Records contained in a dataset:
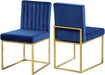 Take dining to a posh new level with this Giselle Navy Velvet Dining Chair. A boxy design makes it a nice addition to contemporary spaces, and it's armless design makes it easy to get into and out of with ease. The seat and back are upholstered in rich navy velvet for a lavish vibe and a pop of sumptuous color to liven up your room, and both are padded well to make sure diners stay comfy while they enjoy their meal. The metal frame is finished in gold for added beauty and aesthetic appeal.
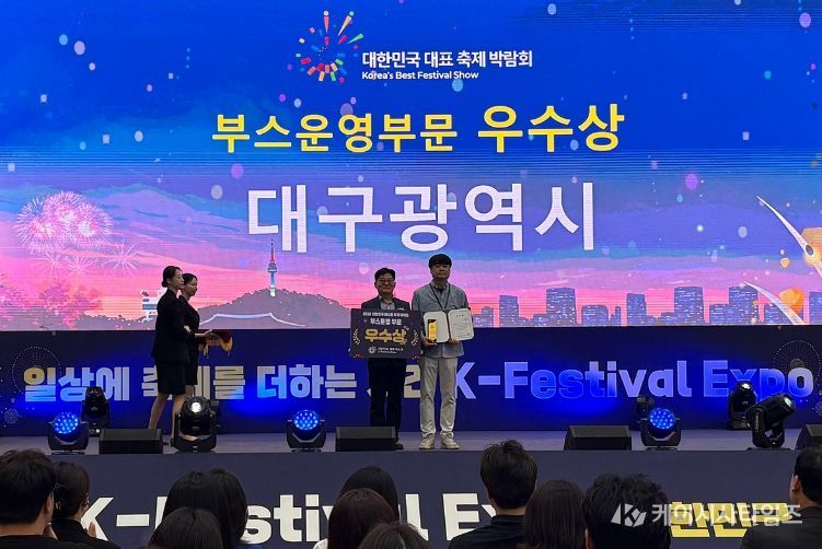 (케이시사타임즈) 대구문화예술진흥원 문화예술본부는 지난 4월 17일~19일, 수원컨벤션센터에서 열린 제6회 대한민국대표축제엑스포에 대구 지역 대표 축제 브랜드 ‘판타지아대구페스타’ 홍보로 부스운영부문 우수성을 인정받아 ‘베스트 축제 어워드 부스운영 부문 우수상’을 수상했다.
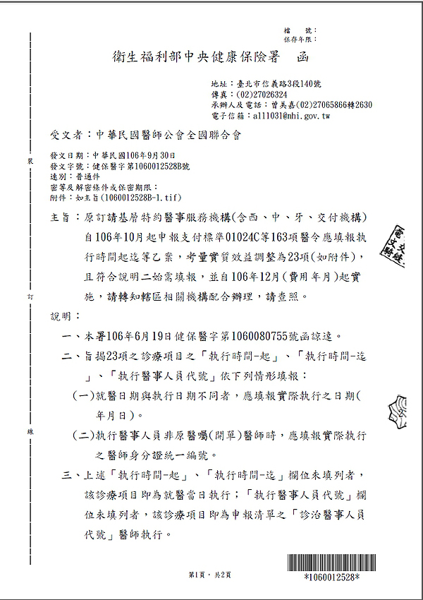 原訂請基層特約醫事服務機構(含西、中、牙、交付機構)自106年10月起申報支付標準01024C等163項醫令應填報執行時間起迄等乙案,考量實質效益調整為23項(如附件),且符合下述說明始需填報,並自106年12月(費用年月)起實施。
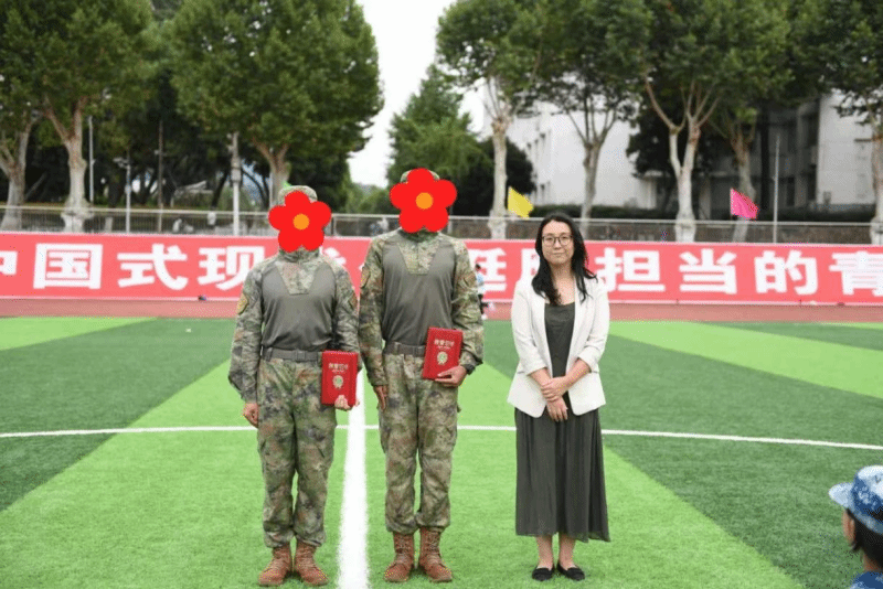 傅苑为在本次军训中表现突出、尽职尽责的三位“优秀教官”尹昭颺、张方舟、马赫然颁发荣誉证书,感谢他们严格的训练与无私的奉献。
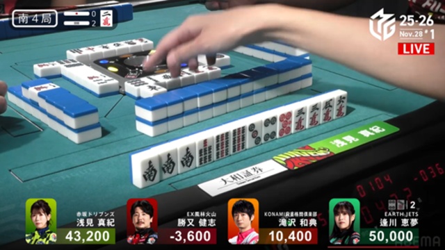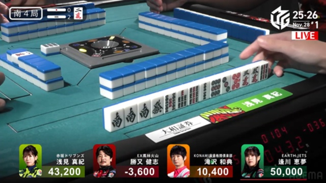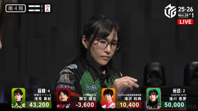 オーラスを迎えた時点で、2着目の逢川に13200点差をつけて浅見がトップ目に君臨。しかし、戦いはまだ終わっていなかった。
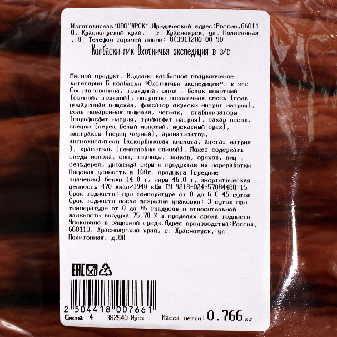 Колбаски Дымов охотничья экспедиция полукопченые, ~800г
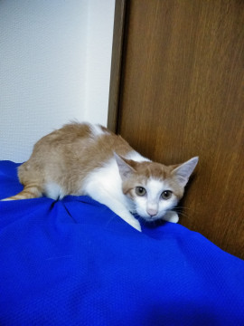 顔が白く頭から背中が茶色、尻尾のあたりが茶色いトラ柄です。
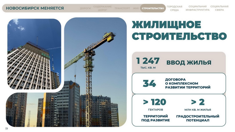 По итогам года введено в эксплуатацию более 1 млн квадратных метров жилья. По соглашениям о комплексном развитии территорий застройщики в дополнение к новому жилью возводят школы и детские сады, создают парки и прокладывают дороги. За счёт этого развивается социальная инфраструктура.
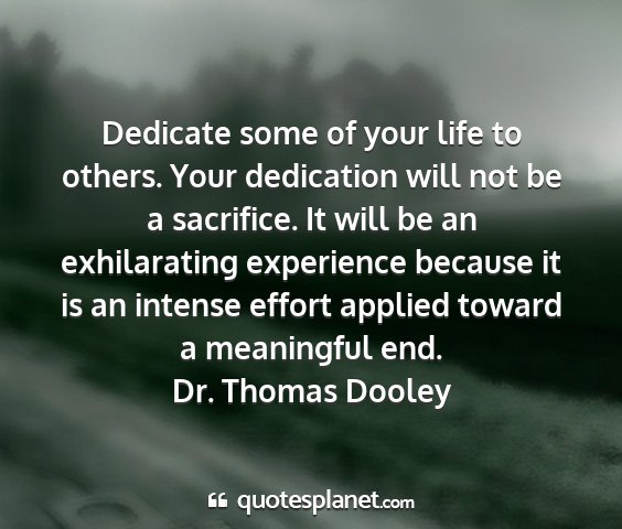Dedicate some of your life to others. Your dedication will not be a sacrifice. It will be an exhilarating experience because it is an intense effort applied toward a meaningful end.Dr. Thomas Dooley
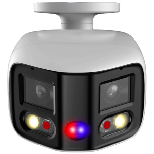 Cámara IP Bullet WizSense 2x4MP con visión de 180°, MultiVision, LED IR 25m y luz cálida 20m. Disuasión activa con micrófono dual y altavoz integrado, EPTZ, SMD 4.0, PoE, IP67, y ranura MicroSD. Ideal para seguridad avanzada.
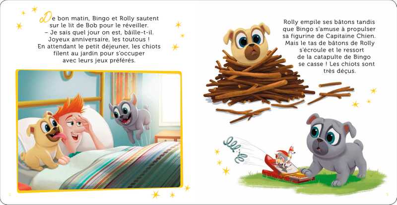 Dans cet ouvrage de 16 pages richement illustré, aux textes courts, faciles et rapides à lire, découvrez une nouvelle histoire du Monde de Bingo et Rolly, en marge de la série animée Disney Junior. Un texte adapté aux plus petits pour un temps de lecture de 5 minutes.
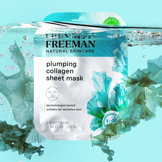 The Freeman Plumping Collagen Facial Sheet Mask is your go-to skincare essential for a natural, radiant, glow. This facial sheet mask is formulated to help deliver nutrients and minerals that can restore your skin’s natural radiance, nourish, and balance skin pH. It also has bonus anti-aging properties for a youthful glow! The Plumping Collagen mask is great for travel because it’s easy to bring on-the-go! You can even wear it on a long flight to prevent skin from getting super dry, or you can put one on before applying makeup for extra soft, supple skin. Just apply this face mask to clean skin, leave it on for 15 minutes and then remove it and let the excess product soak into your skin. The Plumping Collagen Sheet Mask can be used as often as needed. Freeman Sheet Masks are made without any harsh chemicals and their ingredients are free of parabens, sulfates, silicones, phthalates, and mineral oils.
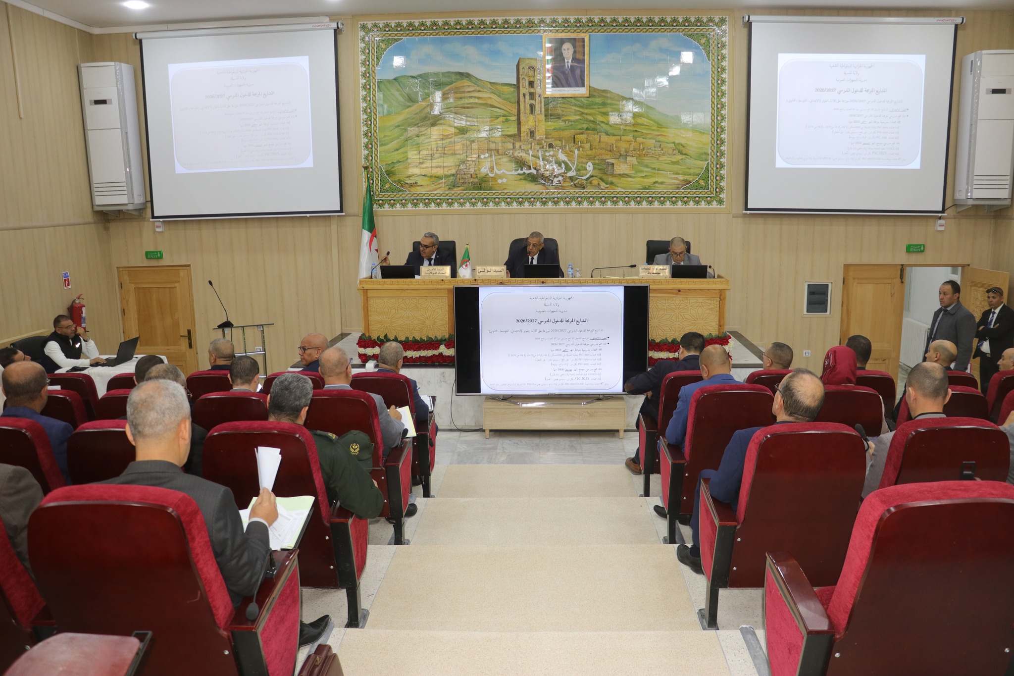المسيلة/ عقد نهار اليوم الخميس 09 أفريل 2026 السيد نجم الدين طيار والي الولاية اجتماعا تنسيقيا بقاعة الاجتماعات نور الدين صحراوي بمقر الولاية بحضور: السيد الوالي المنتدب للمقاطعة الادارية بوسعادة، السيد الأمين العام للولاية، وكل من السيدات والسادة: المفتش العام للولاية، مدير الادارة المحلية، مدير التنظيم والشؤون العامة، مدير البرمجة ومتابعة الميزانية، المراقب الميزانياتي للولاية، أمين خزينة الولاية، مدير الحماية المدنية، رؤساء الدوائر والسيدات والسادة مدراء: التجهيزات العمومية، التربية، النشاط الاجتماعي والتضامن، التعمير والهندسة المعمارية والبناء، السكن، أملاك الدولة، مسح الأراضي والحفظ العقاري، البيئة، المصالح الفلاحية، محافظ الغابات، الشباب والرياضة، الري، الأشغال العمومية، النقل، التجارة، الصحة، الضرائب، الطاقة والمناجم، الصناعة، البريد والمواصلات السلكية واللاسلكية، الوكالة العقارية الولائية، المؤسسة العمومية الولائية لصيانة وتسيير المساحات الخضراء، المؤسسة العمومية الولائية لتسيير مراكز الردم التقني، وحدة الجزائرية للمياه، وحدة ديوان التطهير بالمسيلة، شركة التوزيع سونلغاز، الهيئة التقنية للرقابة في البناء بالمسيلة، الهيئة الوطنية للرقابة على أشغال الري، بريد الجزائر، ديوان الأراضي الفلاحية، تعاونية الحبوب والبقول الجافة بالمسيلة، رئيس الغرفة الفلاحية، غرفة التجارة والصناعة الحضنة، وحدة الديوان الوطني لتغذية الانعام بالمسيلة، المفتش البيطري للولاية، المراقبين الماليين لدى البلديات، أمناء الخزينة لدى البلديات.
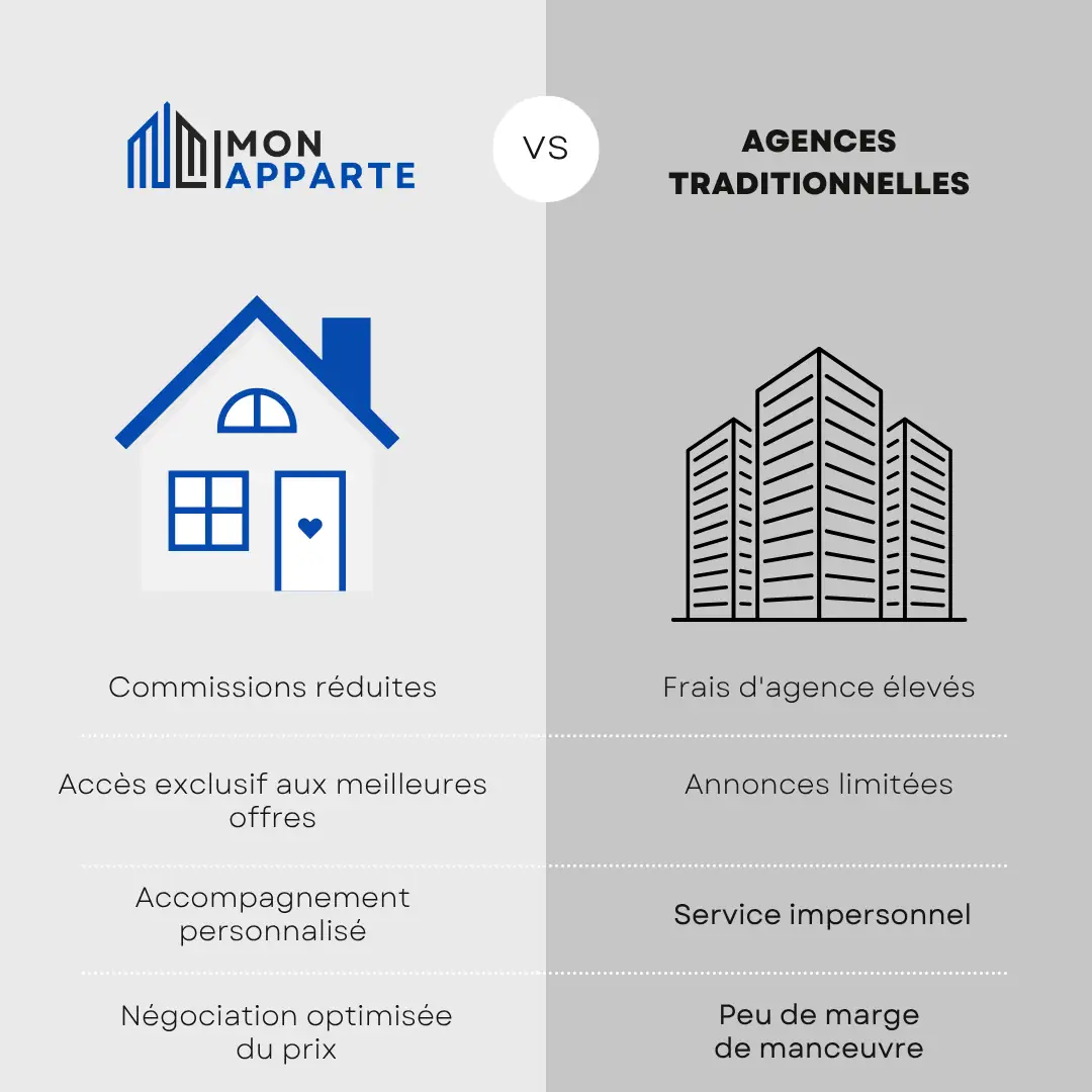 Les agences traditionnelles se caractérisent généralement par des frais élevés, qui impactent directement le budget de l’acheteur. Leur accès aux biens reste souvent limité aux annonces publiques ou à leur portefeuille interne, réduisant les opportunités réelles. L’accompagnement est souvent standardisé, avec un service parfois impersonnel et peu adapté aux besoins spécifiques de chaque client. De plus, la marge de négociation est généralement faible, car les intérêts sont partagés entre vendeur et agence.
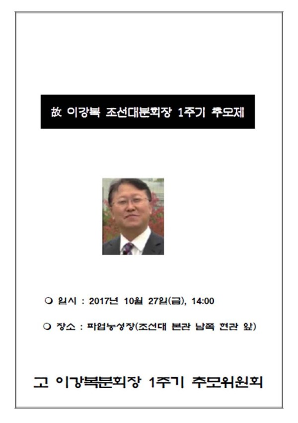 고 이강복 분회장 1주기 추모제 안내 페이지 정보 작성자 조선대분회 작성일17-10-19 02:04 조회744회 댓글0건 이전글 다음글 목록 본문 많은 참석 부탁드립니다. 댓글목록 등록된 댓글이 없습니다. 이전글 다음글 목록

## [Prompt]
Every line above between the one containing "По итогам года" and the one containing "The Freeman Plumping", those two included, is to be printed exactly. No pictures go into the copy.

## [Exercise result]
 По итогам года введено в эксплуатацию более 1 млн квадратных метров жилья. По соглашениям о комплексном развитии территорий застройщики в дополнение к новому жилью возводят школы и детские сады, создают парки и прокладывают дороги. За счёт этого развивается социальная инфраструктура.
Dedicate some of your life to others. Your dedication will not be a sacrifice. It will be an exhilarating experience because it is an intense effort applied toward a meaningful end.Dr. Thomas Dooley
 Cámara IP Bullet WizSense 2x4MP con visión de 180°, MultiVision, LED IR 25m y luz cálida 20m. Disuasión activa con micrófono dual y altavoz integrado, EPTZ, SMD 4.0, PoE, IP67, y ranura MicroSD. Ideal para seguridad avanzada.
 Dans cet ouvrage de 16 pages richement illustré, aux textes courts, faciles et rapides à lire, découvrez une nouvelle histoire du Monde de Bingo et Rolly, en marge de la série animée Disney Junior. Un texte adapté aux plus petits pour un temps de lecture de 5 minutes.
 The Freeman Plumping Collagen Facial Sheet Mask is your go-to skincare essential for a natural, radiant, glow. This facial sheet mask is formulated to help deliver nutrients and minerals that can restore your skin’s natural radiance, nourish, and balance skin pH. It also has bonus anti-aging properties for a youthful glow! The Plumping Collagen mask is great for travel because it’s easy to bring on-the-go! You can even wear it on a long flight to prevent skin from getting super dry, or you can put one on before applying makeup for extra soft, supple skin. Just apply this face mask to clean skin, leave it on for 15 minutes and then remove it and let the excess product soak into your skin. The Plumping Collagen Sheet Mask can be used as often as needed. Freeman Sheet Masks are made without any harsh chemicals and their ingredients are free of parabens, sulfates, silicones, phthalates, and mineral oils.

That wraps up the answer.